Monday, 16 June 2014

Utter Crap!

 
Some will blame it on the heat, some will say the pitch was bloody awful and others will say that we did our best. But as another glorious defeat is delivered by the England football team, why don't we just admit that, as a nation, we are not capable of playing football at the highest standard.

As usual, the pre-match hype had England as victors in their difficult, first-round match, against those pizza-loving, pasta-stuffing Italians, who clearly need to be brought down a peg or two. Thousands of England fans had made the trip from Blighty to Brazil, and millions of supporters throughout our green and pleasant land were either in the pub, or at home, rubbing their hands in anticipation of the good hiding we were going to give to Italy's finest.

And so, ninety minutes later, Roy Hodgson's young lions bowed their heads in shame, after another inept and useless performance of the highest standard.

Next Thursday, when England face Uruguay in their second match, I won't even watch the game. Why bother? Instead, I'll read a book, surf the net, dig up a few weeds from the garden, tidy the shed or clean the barbecue.

   
Geriatric manager, Roy Hodgson, is ready for retirement, and has no hope whatsoever of bringing the World Cup back to England. During the match, when the camera zoomed in on Hodgson's face, he looked like a man who wished that he was back at home, far away from the shambles which he was orchestrating. Then, at times, he appeared to be talking to himself or gazing wide-eyed into the air, looking for inspiration and wondering why his team was in the process of fucking-up another World Cup campaign.

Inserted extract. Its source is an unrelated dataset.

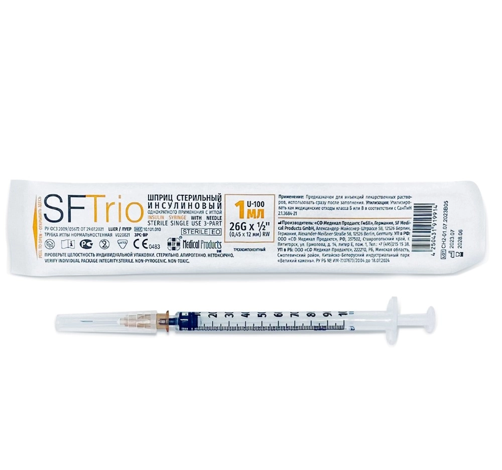 Шприц стерильный инсулиновый однократного применения объемом 1мл с иглой 26G x ½ (0.45 x 12 мм) SFTrio №1

Everyone knows that aggression and an attacking mentality will reap its rewards. The only way to win a game of Monopoly is by attacking the other players from the outset, by buying all of the property, and selling it on at ludicrous prices, thus crippling, financially, your opponents. The only way to win a boxing match is to thrash the other guy to near-death. The only way to win a war is by bombing the enemy and then rolling over them with tanks. So, naturally, the only way to win a football match is...

Thank God that England is still up there with the best, when it comes to being a great nation, and that our display in Brazil will do nothing to take the edge off some of our finest non-football related victories. We've won wars, we've ruled empires and we gave the world delightful country pubs, fish and chips and Phil Taylor - the world's GREATEST darts player!